>>>>>

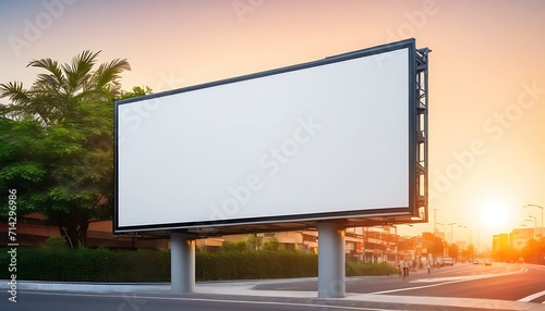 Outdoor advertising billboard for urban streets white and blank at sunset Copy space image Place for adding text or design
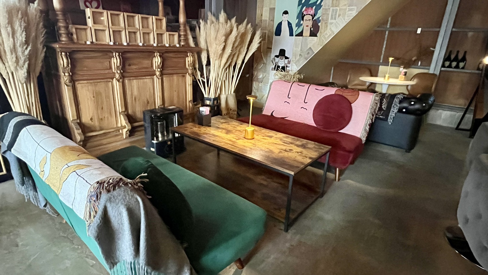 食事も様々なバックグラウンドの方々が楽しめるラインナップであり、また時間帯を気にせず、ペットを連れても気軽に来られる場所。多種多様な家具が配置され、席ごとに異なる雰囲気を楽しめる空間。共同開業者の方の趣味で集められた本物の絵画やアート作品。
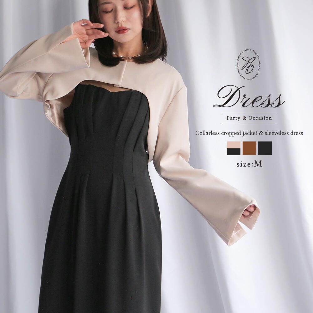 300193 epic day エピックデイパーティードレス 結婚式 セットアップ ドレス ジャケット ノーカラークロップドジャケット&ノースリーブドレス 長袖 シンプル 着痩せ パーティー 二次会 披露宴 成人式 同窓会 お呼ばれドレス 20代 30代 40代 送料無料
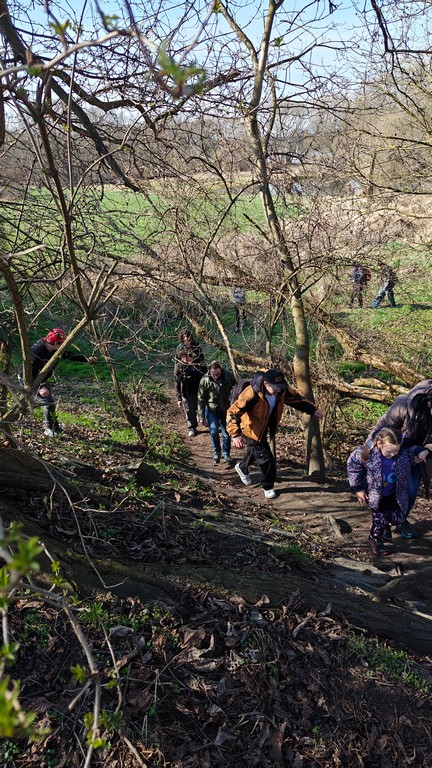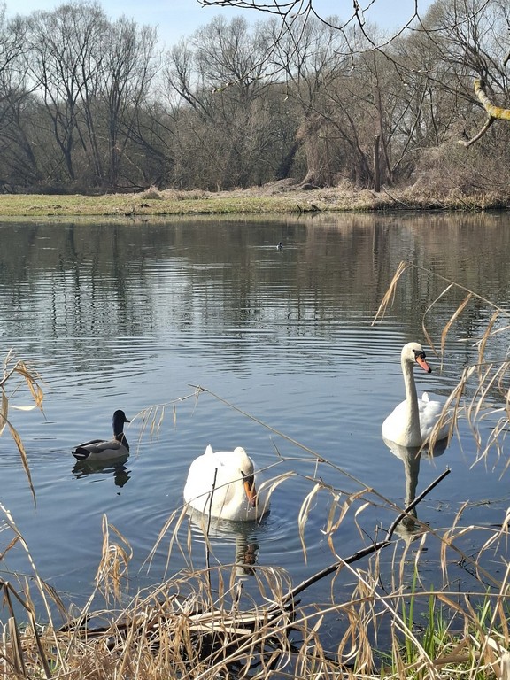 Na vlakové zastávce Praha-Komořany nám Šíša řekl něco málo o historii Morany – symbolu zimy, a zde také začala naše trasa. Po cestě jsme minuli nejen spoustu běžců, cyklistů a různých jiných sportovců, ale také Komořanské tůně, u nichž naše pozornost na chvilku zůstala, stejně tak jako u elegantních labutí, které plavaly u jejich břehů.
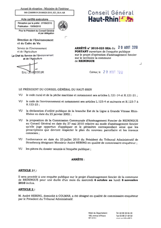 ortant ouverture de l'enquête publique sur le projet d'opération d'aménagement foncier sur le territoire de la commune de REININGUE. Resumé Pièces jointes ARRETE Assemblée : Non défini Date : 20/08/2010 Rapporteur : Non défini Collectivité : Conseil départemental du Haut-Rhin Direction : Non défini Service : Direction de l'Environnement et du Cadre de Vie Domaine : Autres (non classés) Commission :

<<<<<
>>>>>

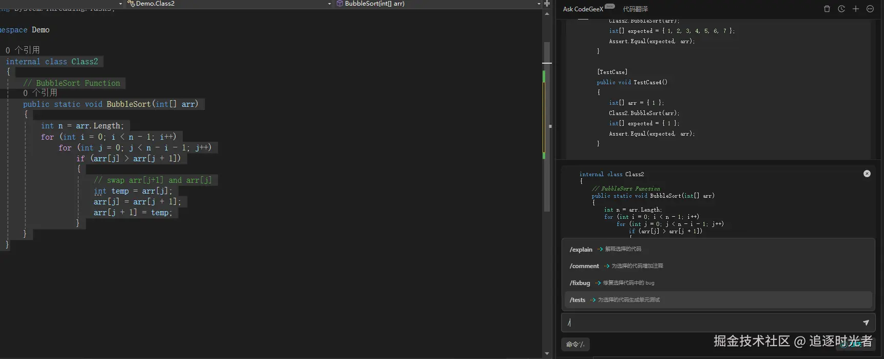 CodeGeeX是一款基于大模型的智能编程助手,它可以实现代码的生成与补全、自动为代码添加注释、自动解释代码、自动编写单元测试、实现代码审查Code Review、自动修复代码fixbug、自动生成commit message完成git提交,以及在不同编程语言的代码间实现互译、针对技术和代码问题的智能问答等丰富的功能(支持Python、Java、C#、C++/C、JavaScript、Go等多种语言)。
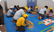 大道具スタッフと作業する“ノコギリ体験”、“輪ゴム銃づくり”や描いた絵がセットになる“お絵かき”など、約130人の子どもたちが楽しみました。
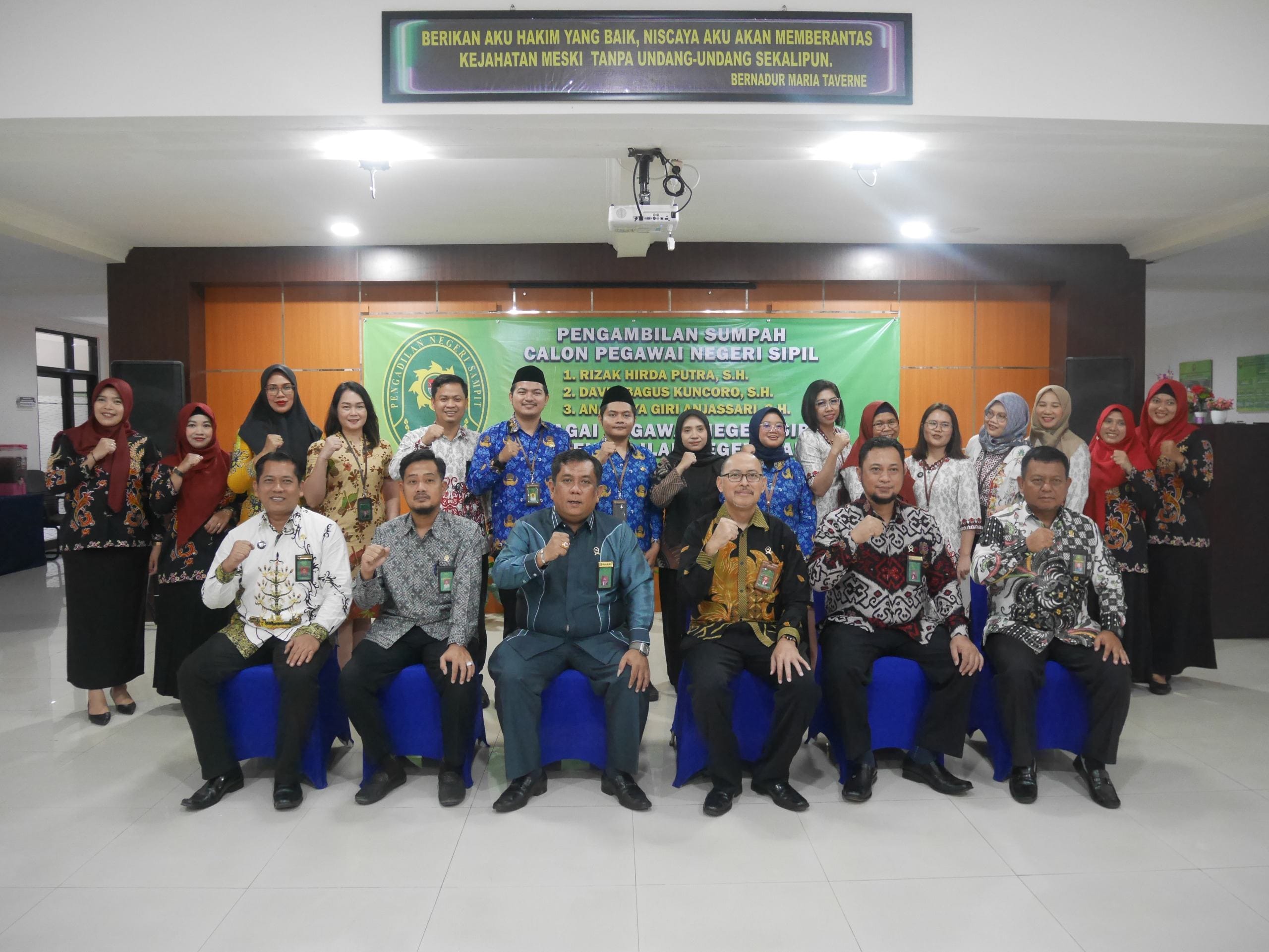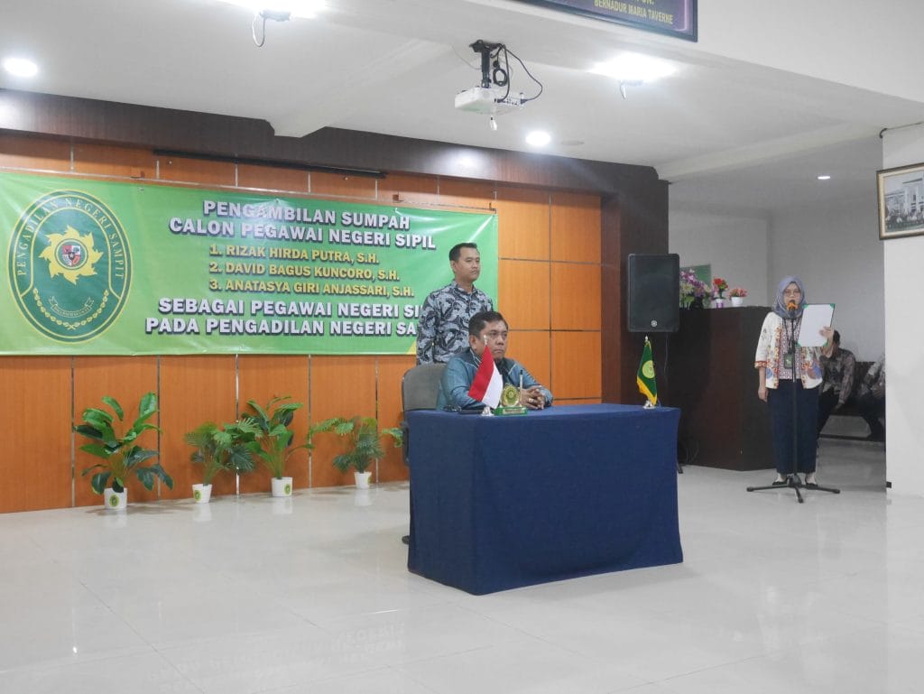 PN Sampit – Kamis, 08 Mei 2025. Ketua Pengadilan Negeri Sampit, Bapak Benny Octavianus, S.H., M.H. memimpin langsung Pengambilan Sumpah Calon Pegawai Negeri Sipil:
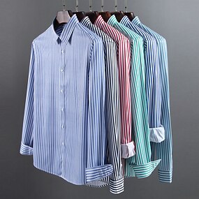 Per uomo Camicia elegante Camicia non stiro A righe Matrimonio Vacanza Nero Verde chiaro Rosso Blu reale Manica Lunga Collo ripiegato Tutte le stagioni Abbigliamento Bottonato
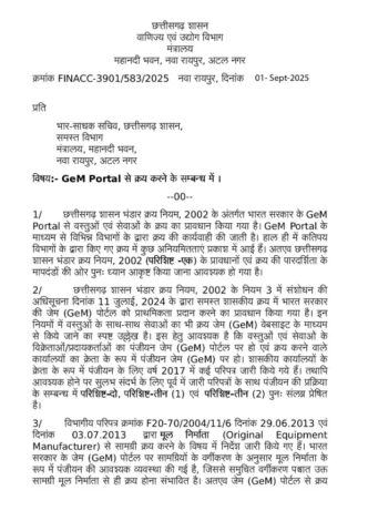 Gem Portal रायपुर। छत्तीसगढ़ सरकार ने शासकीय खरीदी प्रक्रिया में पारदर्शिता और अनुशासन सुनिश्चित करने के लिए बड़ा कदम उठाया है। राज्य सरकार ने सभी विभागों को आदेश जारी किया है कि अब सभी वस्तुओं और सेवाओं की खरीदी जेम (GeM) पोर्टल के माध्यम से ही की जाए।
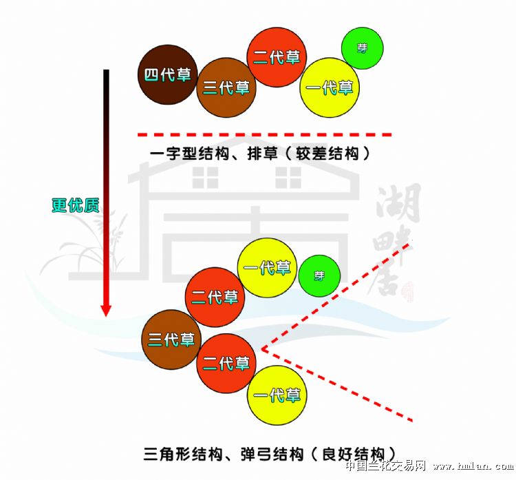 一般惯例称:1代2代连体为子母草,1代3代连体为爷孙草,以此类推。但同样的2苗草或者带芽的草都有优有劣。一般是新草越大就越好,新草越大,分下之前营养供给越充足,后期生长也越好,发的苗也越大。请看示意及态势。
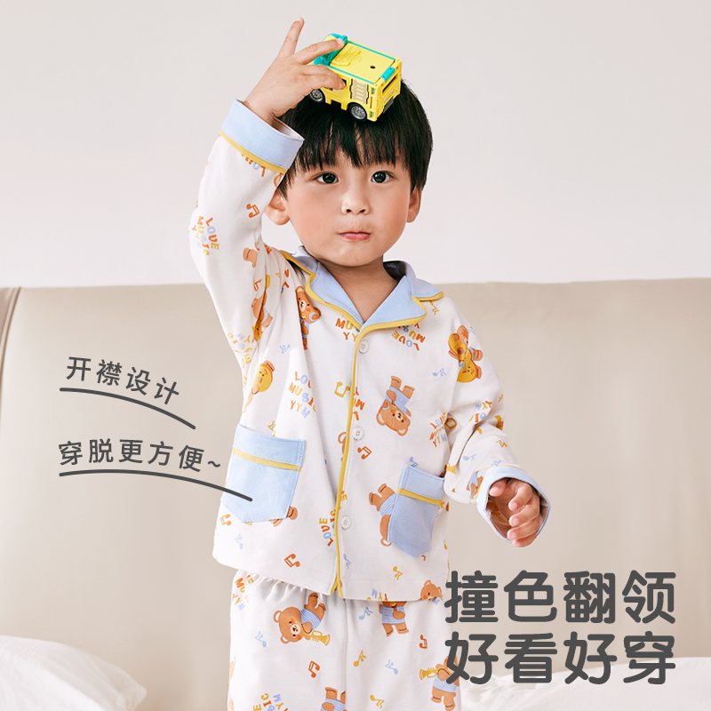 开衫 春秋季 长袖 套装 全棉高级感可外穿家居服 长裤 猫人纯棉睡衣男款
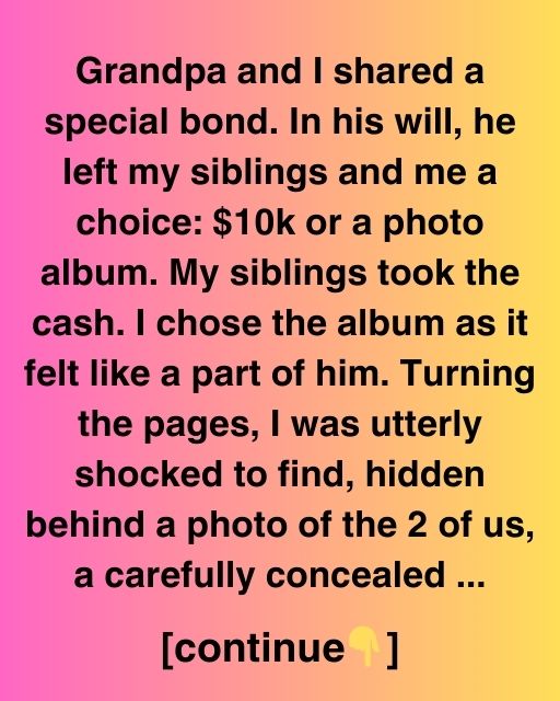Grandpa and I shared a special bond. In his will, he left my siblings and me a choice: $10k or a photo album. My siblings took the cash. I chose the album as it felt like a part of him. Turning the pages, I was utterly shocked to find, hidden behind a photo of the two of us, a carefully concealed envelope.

<<<<<

Once the line with "一般惯例称:1代2代连体为子" is found above, print it and every line after it through the line with "Grandpa and I", exactly. Pictures stay out.

* **Exercise solution**
 一般惯例称:1代2代连体为子母草,1代3代连体为爷孙草,以此类推。但同样的2苗草或者带芽的草都有优有劣。一般是新草越大就越好,新草越大,分下之前营养供给越充足,后期生长也越好,发的苗也越大。请看示意及态势。
 开衫 春秋季 长袖 套装 全棉高级感可外穿家居服 长裤 猫人纯棉睡衣男款
Grandpa and I shared a special bond. In his will, he left my siblings and me a choice: $10k or a photo album. My siblings took the cash. I chose the album as it felt like a part of him. Turning the pages, I was utterly shocked to find, hidden behind a photo of the two of us, a carefully concealed envelope.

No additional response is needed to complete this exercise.